By Aaron Reedy, Cofounder and the CEO at DataClassroom
A Partnership Rooted in Need
One of the most rewarding success stories for us at DataClassroom came from our longstanding partnership with Loudoun County Public Schools, a large suburban school district in Virginia that was working to bring authentic data analysis into their middle and high school science programs. Their science supervisors told us that teachers were confident in delivering lab content but hesitant when it came to guiding students through the more quantitative side of inquiry. As a result, students often collected rich experimental data but were not engaging as fully as they could with the NGSS practices.
Piloting DataClassroom: Lowering Barriers to Data Skills
We worked directly with the district’s science leaders to pilot DataClassroom in a handful of science classrooms at first. The initial challenge was twofold: teachers needed a tool that lowered the barrier to teaching data skills, and leaders needed evidence that students could handle more rigorous analysis aligned with the NGSS practices of “Analyzing and Interpreting Data” and “Using Mathematics and Computational Thinking.”
From Eyeballing to Statistical Thinking
Now, five years later, with incredible support from those district science leaders, students who had previously relied on “eyeballing” results are running t-tests and chi-square analyses with confidence, guided by DataClassroom’s scaffolds. In classrooms that conduct many labs, students are now spending more time than ever discussing the story behind their lab data and much less time simply making graphs.
Throughout our partnership, Loudoun County has expanded its use of our tools across all of their secondary schools. For us, this success story illustrates what happens when science education leaders are empowered with the right tools: teachers gain confidence, students gain agency, and districts move closer to their vision of inquiry-driven science learning where students do real science.
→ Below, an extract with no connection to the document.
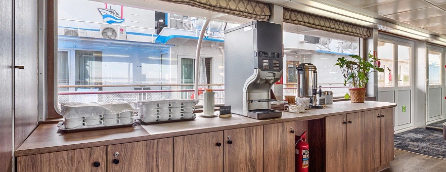 - Кофе-станция — общедоступный стол с горячими напитками. Время работы: с 6:00 до 00:00.

Supporting Leaders Through Professional Development
The most effective support we have provided to science education leaders lies in the ways we help them support their teachers. This almost always begins and ends with professional development for their educators. Tools alone do not transform classrooms; teachers do. That’s why we have built our partnerships around sustained, practical PD that gives educators the confidence and skills to integrate authentic data practices into their teaching.
Our professional development workshops—delivered both in person and virtually—focus on the “how” of teaching with data. Leaders tell us that what resonates most is the way we model classroom-ready strategies, from designing experiments with messy, real-world data to using our platform to scaffold NGSS-aligned practices.
Measuring Leadership Success
We define the success of science education leadership by looking at how effectively leaders create the conditions for both teachers and students to thrive in data-driven science learning. To us, strong leadership is measured not just by technology adoption, but by the ripple effect it has on classroom practice and student outcomes.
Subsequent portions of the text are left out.